I shook my head. “I learned something too. She had a black boyfriend.”
He put down the milk carton. “Oh, yeah? Where’d you hear that?”
“One of the teachers at Hale lives in the neighborhood, taught her years ago. She told Linda about the boyfriend and Linda told me. Linda told Frisk but he wasn’t any more interested than he’d been in the hate mail.”
He ran his hand over his face. “Boyfriend, huh? Active or ex?”
“That’s what I wanted to know. If he was recent, he might know something, right? But the teacher never said.”
“Not that active, anyway,” he said. “The intact virgin part. Got a name?”
“No. Just what I told you.”
“Well,” he said, “interracial dating’s no crime. Officially.”
I thought back to the hate mail.
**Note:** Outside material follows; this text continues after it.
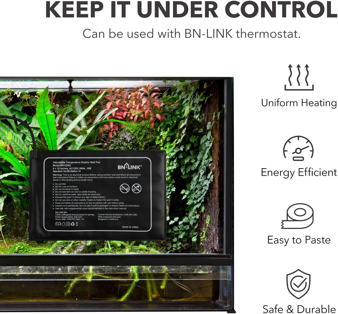 - GREAT UTILITY: The BN-LINK Heating Pad for Reptiles is great for keeping your reptile tank warm, but never scorched. It’s also great for amphibian, small animal, or plant terrariums.

Racemixer biches. “Even casual interracial dating would be considered a felony in Ocean Heights, Milo. Meaning she might have gotten a lot of social punishment for it- nasty comments, ostracization, or worse. And it also implies she was anything but a racist- wouldn’t have been likely to be shooting at those kids.”
“Unless she and the boyfriend had a nasty breakup and she started resenting all minorities.”
“Maybe,” I said. “Here’s a more likely scenario: What if coming face to face with local racism radicalized her and turned her against someone she viewed as racist. A racist authority figure.”
“Massengil?”
“Maybe she and Massengil even had some kind of confrontation before the shooting. Something he’d never admit to. You should have seen how he reacted when I accused him of drawing a killer to the school, Milo. It definitely struck a nerve. With his temper, even a minor confrontation with her could have gotten ugly. Combine that with her history of psychological problems… By the way, where did Frisk come up with that?”
He shook his head in disgust. I resolved to stop evoking feelings of impotence.